The Garage, 2311 Campus Dr. The Garage provides a space and resources for students to build startups.

Arianna Carpati, Reporter

Communication junior Elam Blackwell grew up playing board games with his family. He continued his love of board games as an underclassman, playing with his friends in the Willard Residential College lounge.

He and his friends have since founded Mark IV Games, a Northwestern student start-up that creates its own board games. The company has been working through The Garage since Winter 2020 and is planning to launch its first game, Factions of Sol, in the coming months. As they develop their own game, Blackwell said their collection is also growing.

“Between me and all of my other roommates here, we have about 100 games on our shelf right now,” Blackwell said.

Mark IV Games is named after a character in Dungeons and Dragons, a game the group frequently plays. Blackwell, the CEO and community outreach director of the company, said he feels the name encompasses the way they are often going back to the drawing board and creating original ideas.

The team has been working on Factions of Sol for about a year. In the game, players race to gain the most power and influence as aliens descend upon the solar system. The board mimics the solar system, and as players move between planets they leave behind “energy,” making it more difficult for them and their opponents to progress; after each round, the board resets. Once the team has finished designing and revising the game, they plan on creating prototypes, which they decided to produce themselves.

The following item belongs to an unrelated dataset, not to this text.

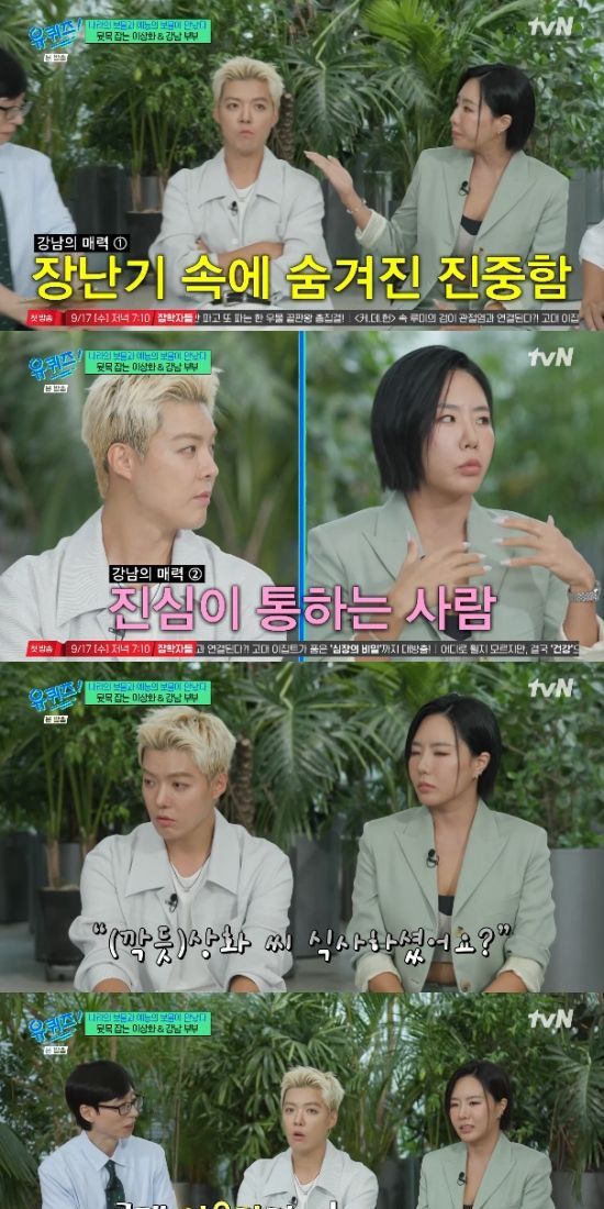 이상화는 강남의 매력에 대해 "장난기 속에 숨어진 진중함, 그리고 대화를 할 때 진심이 통했고, 무엇보다 어른들한테 예의가 너무 발랐다"고 설명했다. 유재석 역시 "강남 씨가 친화력이 너무 좋아. 트로트 대선배들이 너무 예뻐하더라"고 공감했다.

Within the next few months, it will be placed on Kickstarter, where they hope to raise approximately $30,000 to fund the initial manufacturing run of the game.

Adam Downing, Weinberg senior and CFO of Mark IV Games, handles the paperwork and finances of the company. He will oversee the implementation of the Kickstarter as well.

“We all wear many hats on the Mark IV team,” Downing said. “We’re game developers at the same time that we’re making financial decisions at the same time that we’re doing massive manufacturing and distribution contracts.”

Downing said there used to be a notion that board games are nerdy or antisocial, but that’s changing. He said during quarantine, people have found that board games can bring families and friends together.

Mark IV is unique compared to other game companies because they design games in teams, whereas many companies only have one designer, Downing said.

Communication junior Samara Malik said that she never saw herself as a business person before she got involved with the company. As the artistic director and social media manager at Mark IV Games, Malik has helped create designs for Factions of Sol.

“I never thought that was something I was capable of doing,” she said. “Now, to be having a front row seat to watching people discover us and fall in love with what we’re doing as much as we love it, has been a beautiful experience.”